Un peu plus loin, en pénétrant dans la ville, sur la place de la Loge, une belle Vénus du sculpteur Aristide Maillol.

Autour, des maisons très méditerranéennes, avec leurs couleurs chaudes.

L’Hôtel de Ville, ancienne maison consulaire, dont l’édifice primitif remonte au début du XIVe siècle.

Le patio de l’Hôtel de Ville, avec la statue de la Méditerranée de Maillol.

Vue sous un autre angle… elle est belle de toutes les façons !

Autrefois fixée à l’extérieur de la Loge de Mer, la Caravelle est maintenant dans l’Hôtel de Ville.

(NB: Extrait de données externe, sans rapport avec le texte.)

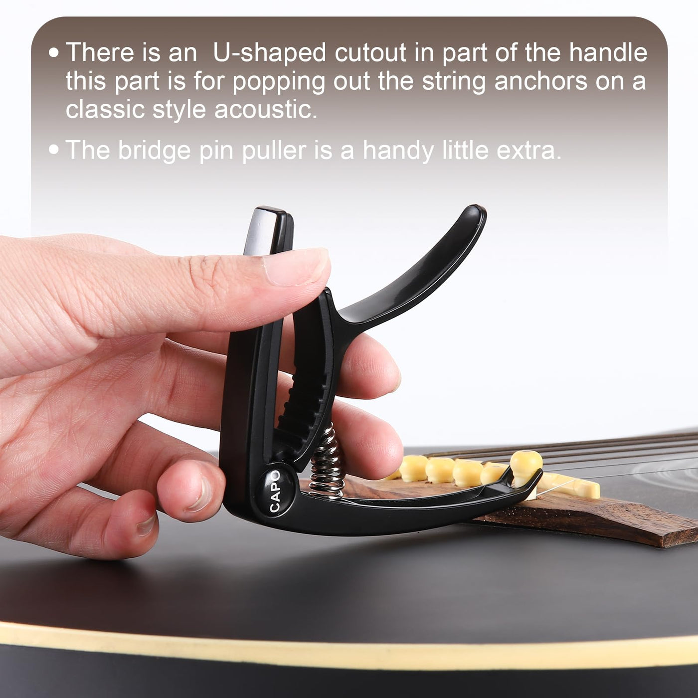 - Q: Does the capo have any additional features? A: Yes, it includes a bridge pin puller, a handy tool for acoustic guitar players.
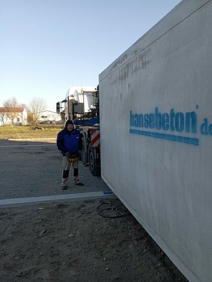 Du lieferst Stahlbeton-Fertiggaragen von unserem Werk in Syke (bei Bremen) zu unseren Kunden, stellst die Garagen auf und machst die Endmontage.
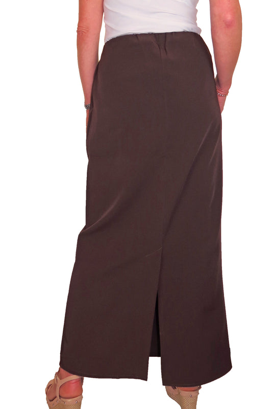 Elasticated Waist Loose Fit Maxi Pencil Skirt Brown
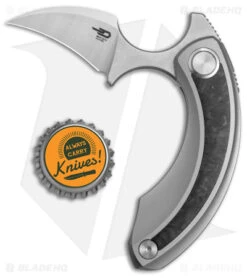 - Hawkbill blade with a stonewash finish made from Bohler M390.
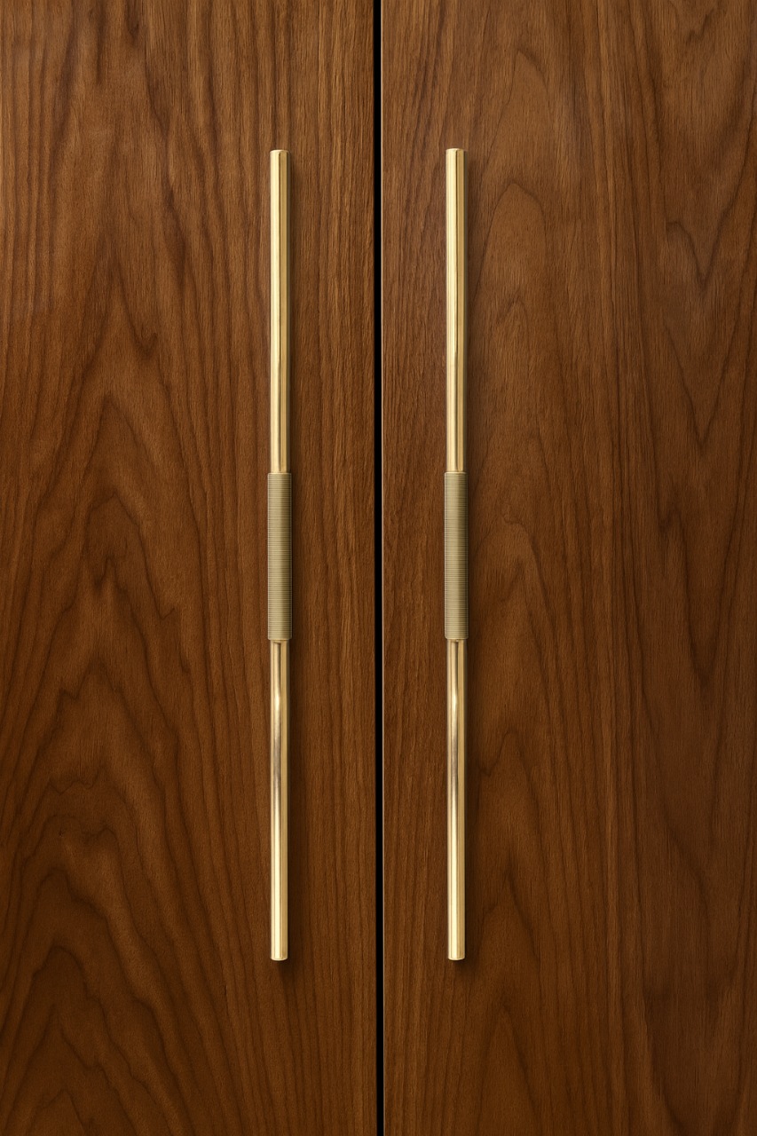 La poignée de tirage en fils de laiton présente une silhouette longue et élancée qui s’intègre facilement aux portes et façades de mobilier. Son dessin repose sur un tube principal dont les lignes droites et régulières expriment une esthétique sobre. Au centre, une zone texturée marque une transition visuelle : les fils de laiton y sont enroulés de manière serrée et continue, créant une surface rythmée qui contraste avec la partie lisse du corps principal. Cette alternance renforce la présence graphique de la poignée tout en conservant une expression discrète.
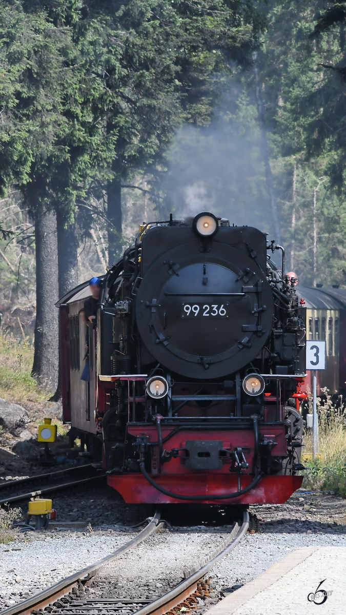 Die Dampflokomotive 99 236 fährt in den Bahnhof Schierke ein, 99 222 wartet auf die Weiterfahrt in Richtung Wernigerode. (August 2018) Christian Bremer
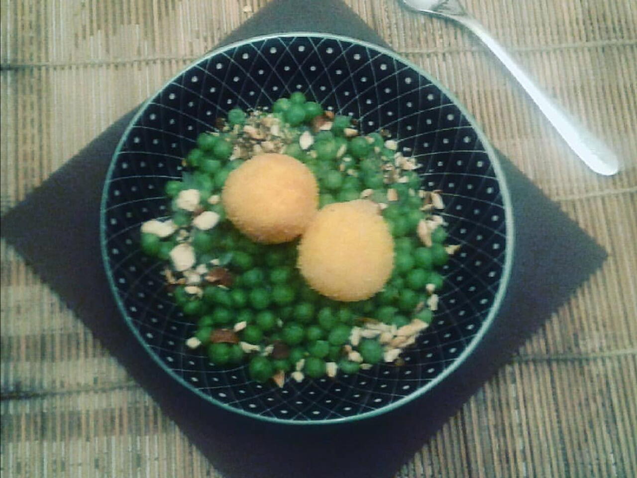 Tuorli Fritti Su un Letto di Piselli e Mandorle
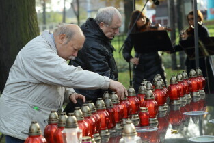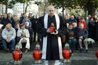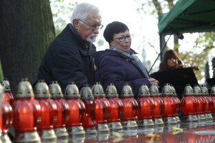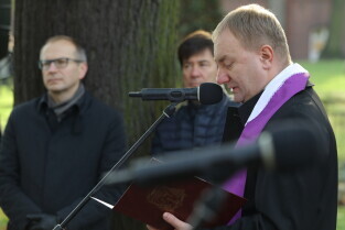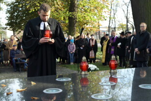 Gdańsk. Cmentarz - Pomnik Nieistniejących Cmentarzy. Modlitwa międzywyznaniowa za tych , którzy żyli i spoczęli na gdańskiej ziemi.
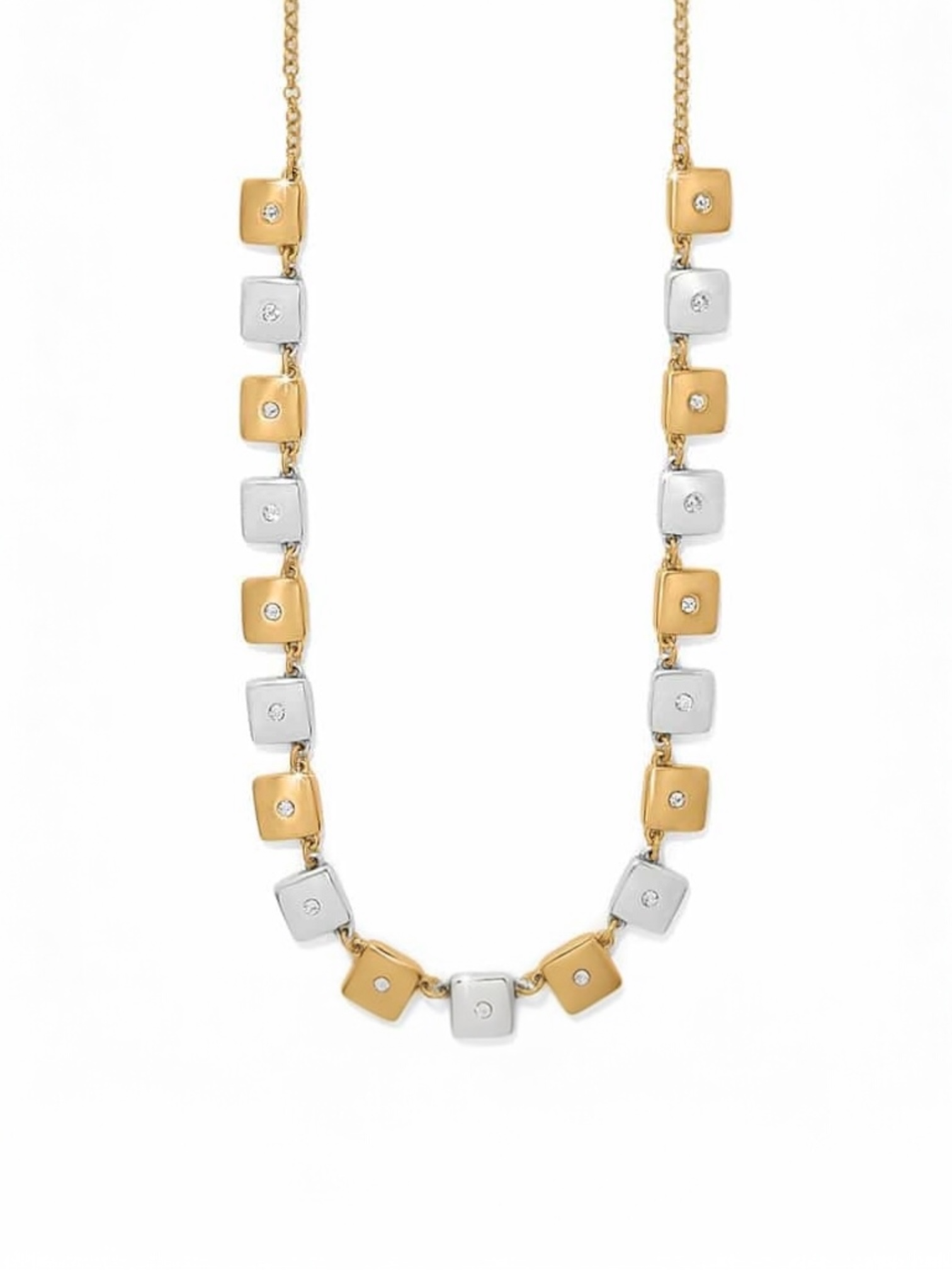 French for “level” or “step” – statement lightweight jewelry with square steps in beautiful repetition are highlighted with crystal accents.

Une cour intérieure somptueusement dallée.

Au musée Hyacinthe Rigaud, le retable de la Trinité, oeuvre gothique peinte en 1489.

Partout dans les rues, des dallages de marbre rose.

La Basse, désormais canalisée, permet maintenant la promenade sur l’eau dans un cadre de verdure.

Une dernière image de cet étonnant Castillet avant de retrouver mon chauffeur et de repartir plus au sud vers notre nid d’aigle au-dessus de la mer.